Abstract
A project based on the “Breakthrough series” for reducing the patients’ perception of coercion in psychiatric acute wards is presented. Three different measures were chosen: 1) engagement of the patients in the formulation of the treatment plan, 2) frequent and regular joint patient and staff evaluations, and 3) renegotiation of treatment plans if necessary. A 5-week baseline was followed by a 12-week intervention period. Anonymously administered self-rating scales were used: the Coercion Ladder and the SPRI questionnaire. Two questions addressing aversive events (verbal and physical) were added. Participation rates were 86% (patients). Data from 190 admissions were analysed. The interventions resulted in only marginal changes in two of eight parameters (the staff's respect and understanding and on total satisfaction with the received help) and no change in experienced coercion. Seclusion accounted for 46% of the explained variance (62%) and participation in the formulation of the treatment plan for only 8% in regression analyses where perceived coercion was the dependent variable; a third of the patients had experienced insulting communication from the staff, and 10% physical harassment during their stay. It was concluded that: 1) the average value of experienced coercion was low, 2) taking part in the planning and evaluation of the treatment had marginal effect on experienced coercion, and 3) the main predictor of felt coercion was seclusion.

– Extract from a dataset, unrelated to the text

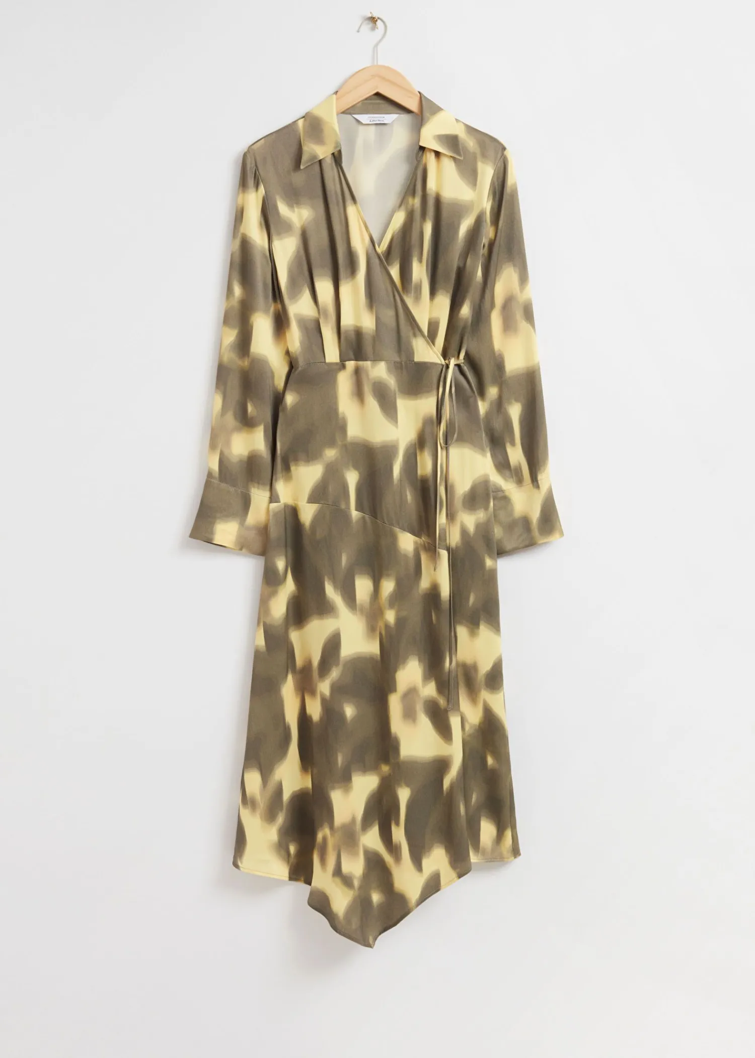 Omslagskjole I Midi, Lavet Af Satin. Med En Asymmetrisk Kant Og Spagetti Bindebånd I Taljen, Bundet Bagpå. Lange Ærme…

Actions taken primarily to control behaviour were more strongly related to perceived coercion than aspects of compulsory treatment. More thorough analysis of seclusion and improved routines for its implementation are needed.
Sørgaard KW. Patients’ perception of coercion in acute psychiatric wards. An intervention study. Nord J Psychiatry 2004;58:000. Oslo. ISSN 0803-9488.
Sørgaard KW. Patients’ perception of coercion in acute psychiatric wards. An intervention study. Nord J Psychiatry 2004;58:000. Oslo. ISSN 0803-9488.